For one thing, she noted in a recent post on the organization's website that golfers have average household incomes of $95,000, well above the U.S. average, which is about $54,000. Nearly 80 percent of duffers have a a net worth topping $100,000. Advanced players can spend as much as $5,000 annually on equipment.

"Do relatively well-off golfers really need a tax incentive to reward their already undying love of and commitment to the game?" she wrote. "No, they really, truly, don't."

The golf business, however, has struggled in recent years. According to the National Golf Federation, 24.1 million people played at least one round of golf in 2015, a slight drop from 24.7 million in the two previous years. The U.S. currently has about 15,372 golf courses, down from a peak of 16,052.

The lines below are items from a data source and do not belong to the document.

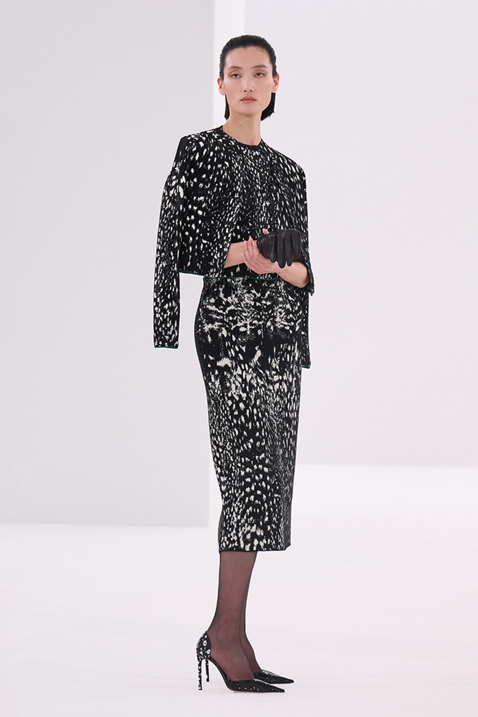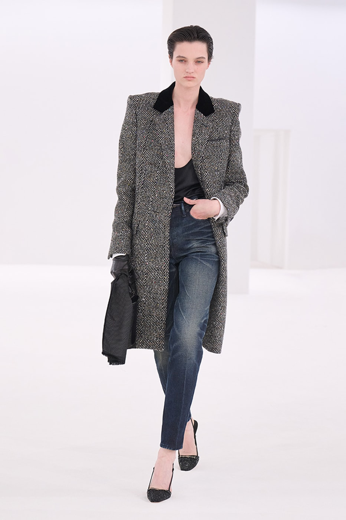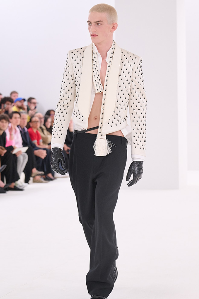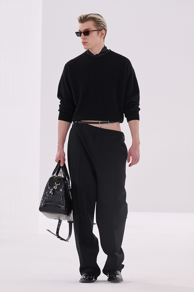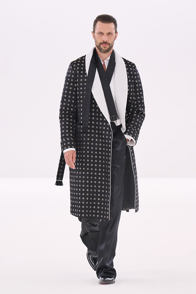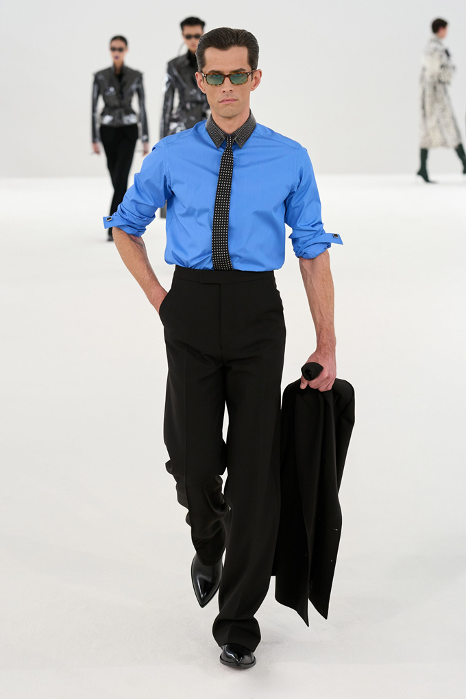 완벽한 수트의 날카로운 엄격함과 그 속에 숨겨진 어두운 일탈의 암시를 아름답게 조화시키며 시대를 초월하는 우아함의 향연과 섬뜩한 유혹의 정수를 선보였다.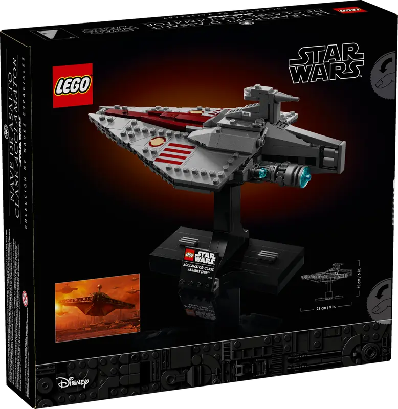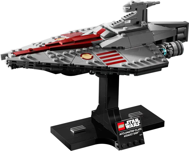 - Build-and-display starship model Relive dramatic Battle of Geonosis scenes as you build a mid-scale LEGO Star Wars recreation of an Acclamator-Class Assault Ship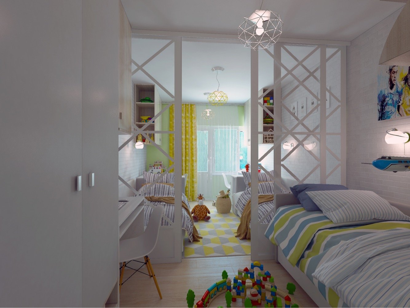 Комната на двоих детей с перегородкой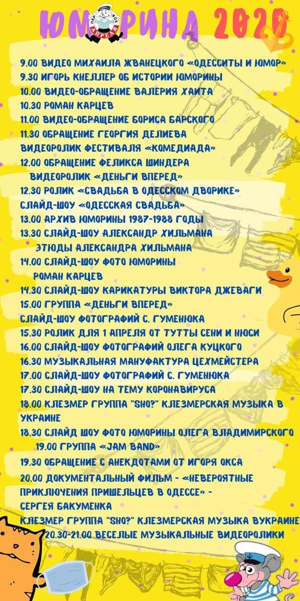 ОДЕССА, 01 АПРЕЛЯ 2020 ГОДА, КОНТЕКСТ-ПРИЧЕРНОМОРЬЕ — Из-за карантинных мер в связи с коронавирусом Одесса в нынешнем году проводит Юморину «на удаленке». Об этом ИА «Контекст-Причерноморье» сообщили в департаменте информации Одесского горсовета. В День смеха начиная с 9:00 утра, на официальном сайте Департамента культуры и туризма Одесского городского совета, а также на Фейсбук-странице департамента стартует Юморина «на удаленке». |

"I totally understand the perception of golf as a wealthy sport," said Bill Sells, a spokesman for PHIT America, which lobbied for the legislation, adding that most golf rounds are played on public courses at an average per round cost of $37. "Tell me, is that wealthy man's sport?"

Support for PHIT, which was first proposed in 2006, is growing in Congress, where it currently has more than 80 co-sponsors among both Democrats and Republicans. The bill would also benefit other sports such as bowling and could be applied to fees that parents pay for their children to participate in athletics.

The benefit couldn't be used to subsidize dues at private organizations such as country clubs or for clothing like golf shirts or yoga pants. It also would be capped at $250 per item.

According to the TPC's Zaretsky, it isn't clear how many golfers and other sports enthusiasts would reap the benefits that PHIT would offer because only about four in 10 workers have access to Health Savings Accounts (HSAs), which tend to benefit wealthier workers more than those with lower wages. She also noted that many people who buy athletic equipment and gym memberships wind up not using them.

She argues that there are better ways to encourage Americans to lead healthier lifestyles such as making sure that physical education programs in schools are adequately funded. Changing the tax code will only add to its complexity, she said, adding, "It will give people with more resources the opportunity to game the system more than they need to be able to game it."